Часто Иван Иванович со своей женой трапезничал у меня. Оба охотно ели хорошо и много. Батареи бутылок, во всех величинах и вариациях, из никогда не иссякающего источника братьев Исламкуловых, всегда любезно улыбались у меня дородному мужчине. Напрасно его маленькая, полная женщина просила его идти с нею домой, он оставался верным мне и «батареям».
- Солдат любит свою батарею больше, чем собственную жену, – говорил тогда хитро он, и при этом оставался, и пусть даже погибнет весь мир.

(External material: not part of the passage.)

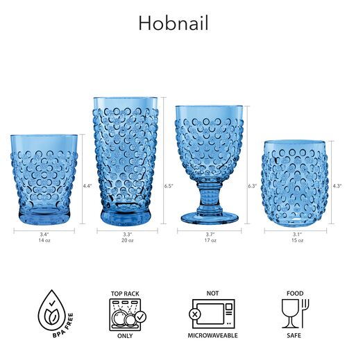 S/6 Hobnail Acrylic Stemless Wine Glasses

Нередко бывало так, что мой друг Иван уже в полдень действительно был уставшим, «ничего не выпив», как он часто утверждал, хотя от него несло, «непонятно почему», алкоголем. Тогда для него наступало самое прекрасное мгновение. В комнате, в которой я в большинстве случаев принимал своих гостей, и которую я особенно тщательно исследовал на предмет паразитов – это была не тайна – он погружался в полуденную дрему. Он нигде не мог бы так же хорошо выспаться, как у меня, как он говорил, когда снова просыпался после нескольких часов.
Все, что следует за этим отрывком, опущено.